In the Seatrade Maritime News February poll we asked readers which of nine different alternative fuels would most likely power shipping in the future, replacing the dominant source of fuel oil used today.
Topping the choices with more than 44% of the votes combined in the poll were LNG and hydrogen.
LNG led the way with 23.3% despite the fact alone it will not reach the 50% cut in GHGs required by 2050, although it is widely seen organisations such as DNV GL as providing a viable bridging option today with the possibility of using fuels such as zero carbon synthetic LNG in the future. There have also been questions regarding methane slip. However, it remains one of the few fuels on the list which a shipowner can viably install today.
Coming in second with 20.8% of the votes was hydrogen, which offers the possibility of truly zero carbon fuel for shipping.
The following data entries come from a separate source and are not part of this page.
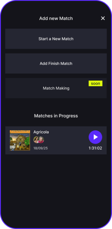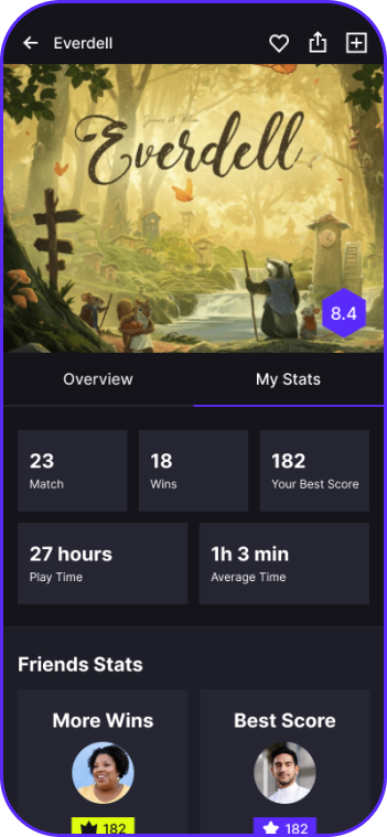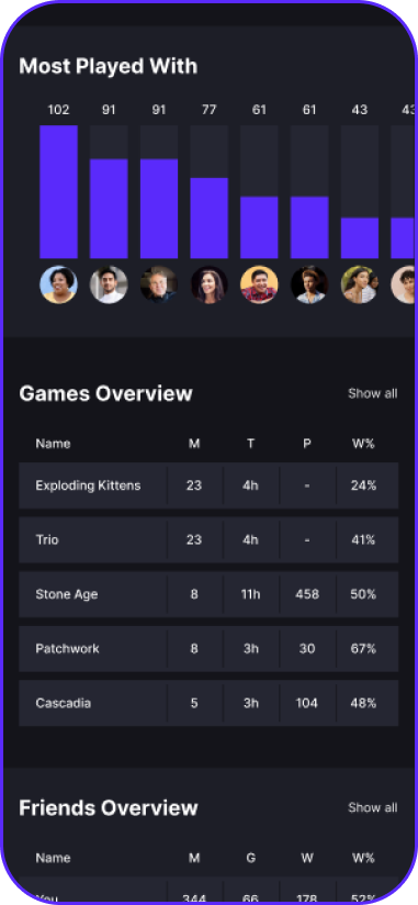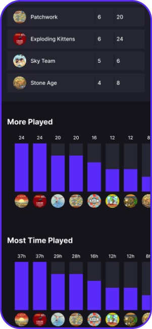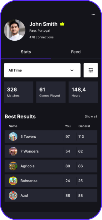 Discover your performance across different games, follow your growth, and become a true board game master.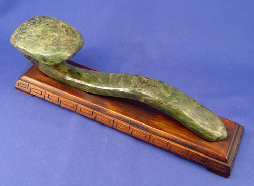 DARKEST GREEN CARVED JADE RUYI: On wooden display stand. An estate find, 13 1/2''l.
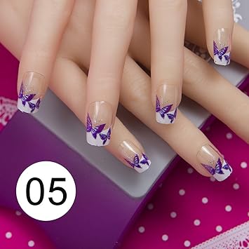 Amazon Com 24pcs Full Cover Fake Nail Art Design Self Adhesive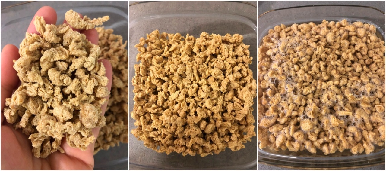 Antes de empezar a preparar nuestros tacos veganos es muy importante realizar este paso previo; hidratar la soja texturizada. Esta se comercializa en seco y para poderla consumir debemos hidratarla. La pondremos en un bol o plato hondo y la cubriremos con agua.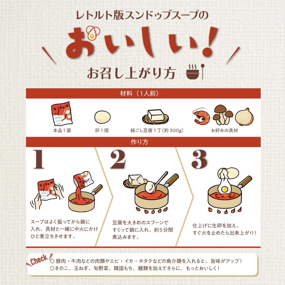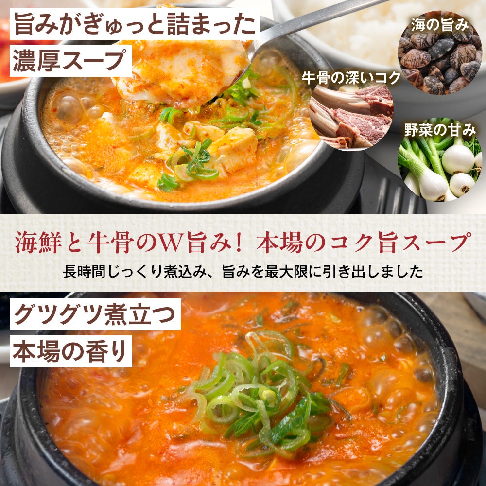 開発期間は1年!オーナー自らが開発に立ち合い、丸一年かけて作ったこだわりぬいた自慢のスープ!辛み調整を聞かせた選べるスープは2段階で、容量はお一人様ならたっぷりの200gです。豆腐と相性抜群のヘルシーさも魅力の一つで、どなたでも美味しく召し上がっていただけます!

Hydrogen is though only in its very trial stages as a marine fuel and issues remain in terms of storage and energy density.
A somewhat surprising third choice among readers was nuclear power a choice of 16.9% of readers in the poll. While the nuclear-powered ships are certainly a tried and tested option, mainly for icebreakers and naval vessels, its large-scale use in commercial vessels would highly controversial at a political level.
Of the other six options available electric power and batteries, already in use in ferries and hybrid vessels, was chosen by 9.8% of readers.
Ammonia, which has attracted growing attention in the last year, and the back to the future solution of wind power both attracted 8.3% of readers votes, while biofuels some 5.4%.
Surprisingly two options that already in use and viable – methanol and LPG – were chosen by 4.6% and 2.9% of readers respectively. Perhaps this is because use of these fuels is currently mainly seen as limited to ships that also carry the fuel as a cargo.